In der Tat schreibt meine Vespa seit Jahren eine schier unendliche Geschichte. Die handelt von einer kleinen Uhr, eingebaut im Tacho des Rollers. Ursprünglich und ab Werk wird diese Uhr von einer winzigen Knopfzelle versorgt, die direkt in die Uhr eingebaut ist. Das ist eine ganz üble Konstruktion, weil der Aufwand, diese Batterie zu wechseln, unglaublich hoch ist.
Also habe ich vor vielen, vielen Jahren eine baugleiche Uhr dort eingebaut, die von einer externen Babyzelle mit 9 Volt versorgt wird. Die Babyzelle hat ihren Platz in einem kleinen Fach im Beinschild, das mit einem Plastikdeckel versehen ist. Akkuwechsel ist seitdem ein Klacks.
Aber fast exakt vor einem Jahr ist diese Uhr langsam gestorben: Zuerst versagten einzelne Segment der Anzeige, bis gar nichts mehr ging. Kaputt also. Aber Ich habe Ersatz, doppelt und dreifach sogar. Nur konnte ich mich ein Jahr lang nicht zum Uhrentausch entschliessen - einfach weil ich weiss, was für eine Scheissarbeit das ist. Nicht schwer, aber ekelhaft. Abschrauben von jeder Menge Plastikteile mit unglaublich versteckten Schrauben - jedenfalls eine Heidenarbeit. So schlimm, wie früher der Batteriewechsel.
Aber heute kann ich mich aufraffen und am frühen Nachmittag gehts ab in meine Werkstatt. Begeistert von der Aufgabe bin ich nach wie vor nicht, aber was muss das muss.
Also los:
- Windschild abschrauben
- Spiegel abbauen
- Hupenabdeckung entfernen (dazu das Piaggio Schild abhebeln)
- Schrauben der hinteren Lenkerverkleidung entfernen
- Alle Schrauben der vorderen Lenkerabdeckung entfernen
- Vordere Lenkerabdeckung ein Stück abziehen
- Tachowelle und alle Stecker abziehen
- Nichts vergessen? Dann hintere Lenkerabdeckung abnehmen
- Tacho aus der Lenkerabdeckung schrauben und Glas entfernen
- Uhr entnehmen, neue Uhr einlegen
Puh, diese Arbeit ist 100%ig spassbefreit. Plastiknasen können brechen, Schräubchen können in die Verkleidung fallen und damit auf ewig verschwinden, Stecker wollen sich nicht lösen lassen - all das kann passieren. Aber meist klappt dann doch alles.
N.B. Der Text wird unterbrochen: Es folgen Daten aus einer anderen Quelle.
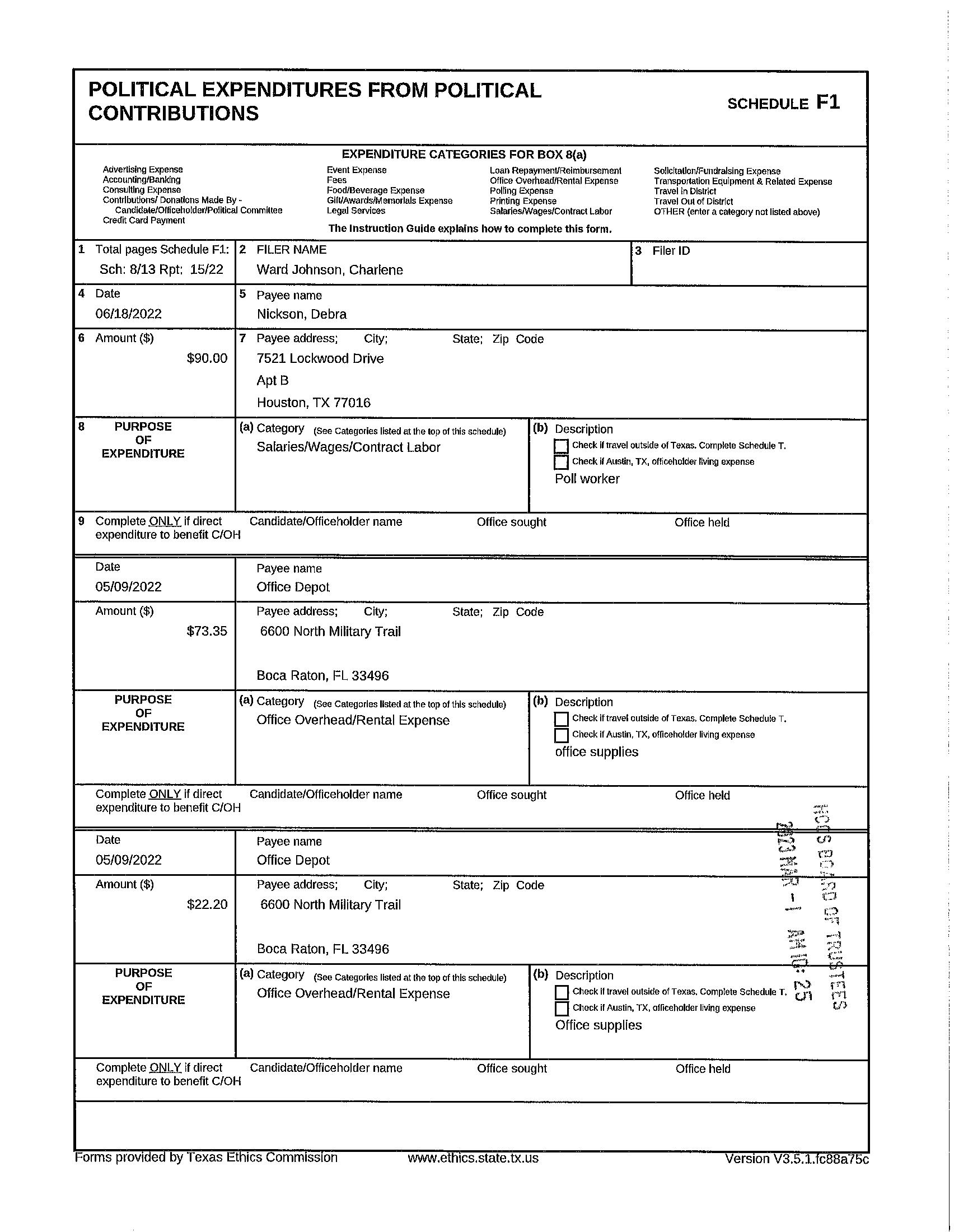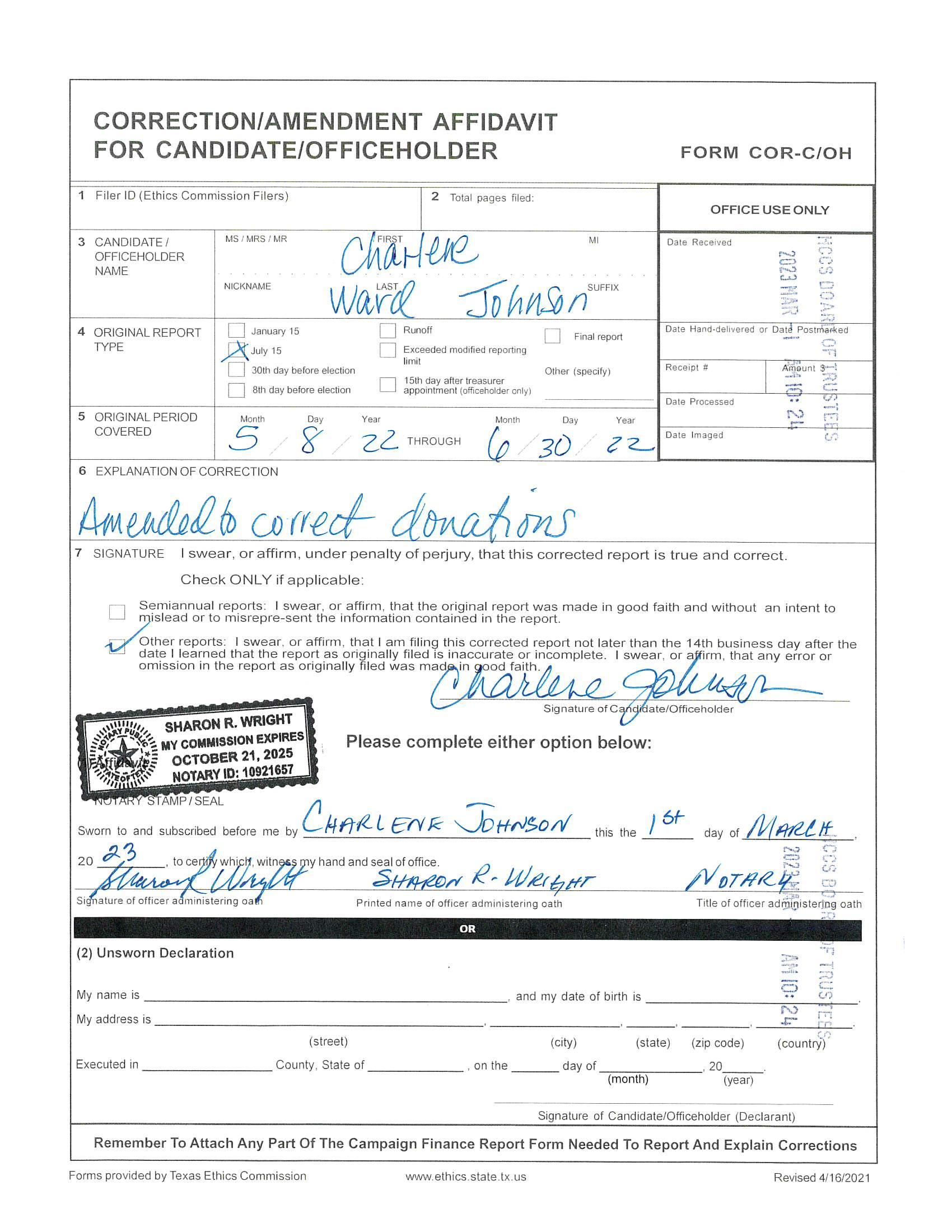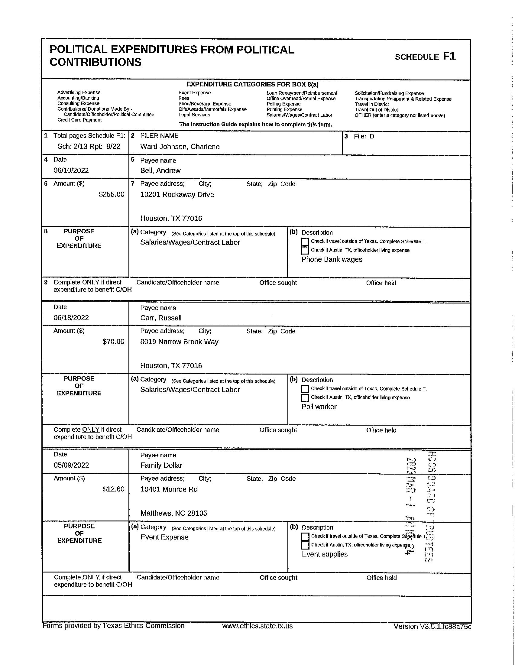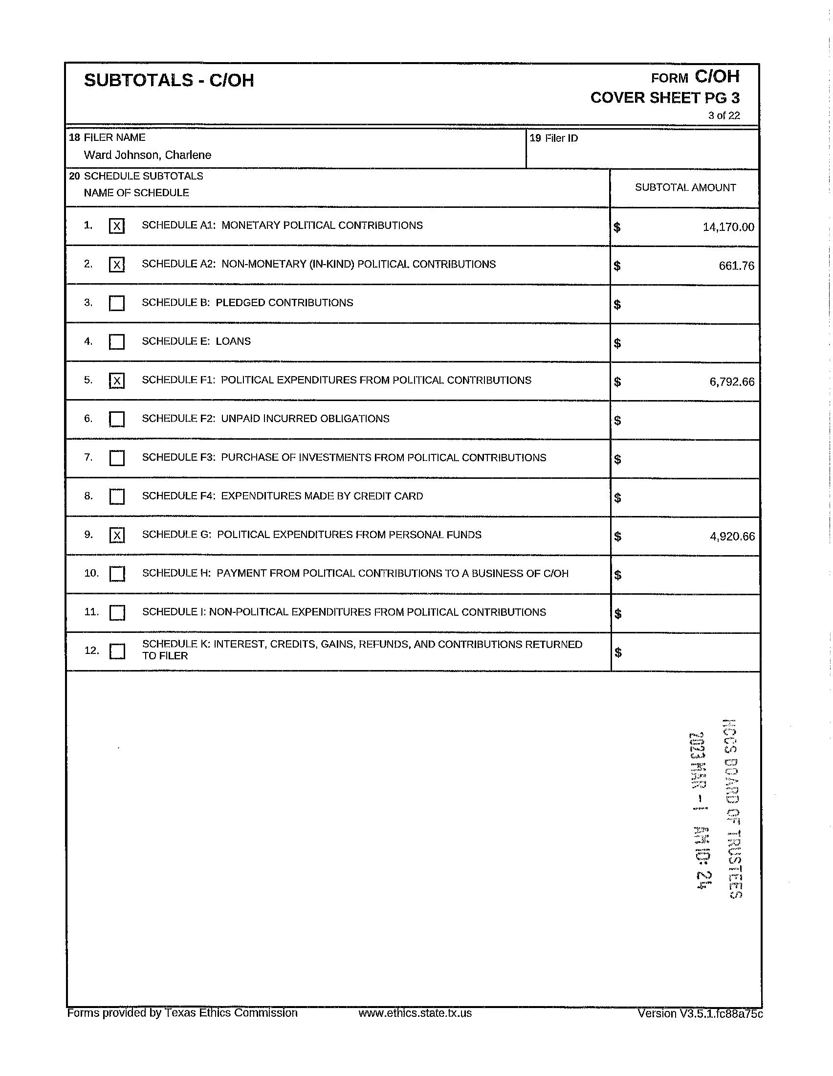 This campaign finance report was filed on Wednesday, March 1, 2023, by HCC Trustee Charlene Ward Johnson, to accurately reflect donations she had received from the Houston Business Education Coalition PAC, back during the 2022 reporting period. Aubrey R. Taylor Communications is the publisher of the Houston Business Connections Newspaper.

Hier bin ich schon recht weit gekommen und gleich werde ich den ausgebauten Tacho in der Hand halten. Dann dürfte das Schlimmste geschafft sein.

Auch die “Krawatte” muss entfernt werden, weil dahinter Befestigungsschrauben sitzen. Und bis mir wieder eingefallen ist, dass vorher das Piaggio Schild entfernt werden muss und dass ich dafür nur einen dünnen Schraubendreher rechts in eine Aussparung stecken muss, naja das hat etwas gedauert.

Und schon bin ich wieder beim Zusammenbau. Die Uhr ist montiert, der Tacho wieder zusammen, jetzt noch die Steckverbindungen wieder verbinden, die Tachowelle anschliessen und etliche Blechschrauben eindrehen.

Und natürlich die neue Uhr einstellen. Voila, das war’s für heute. Aber ehrlich: Ich hätte viel lieber an einem Motorrad geschraubt. Roller, besonders Vespa und ganz speziell Vespa Cosa sind, was Schrauben betrifft, quasi die Höchststrafe für den Monteur.

Fast alles sitzt wieder am angestammten Platz, nur das grosse Windschild fehlt noch. Das macht zum Glück keine Probleme, denn diese Dübeltechnik ist eine grandiose Lösung zur Befestigung. Einfach, stabil, keine grossen Einstellereien - wirklich prima. Ja, Vespa kann auch clever.

Gegen 17:00 sieht alles wieder so aus, als wäre hier nichts gewesen. Auch mein Ärger über italienische Roller-Konstrukteure ist verflogen. Morgen wird die neue Uhr ausgeführt.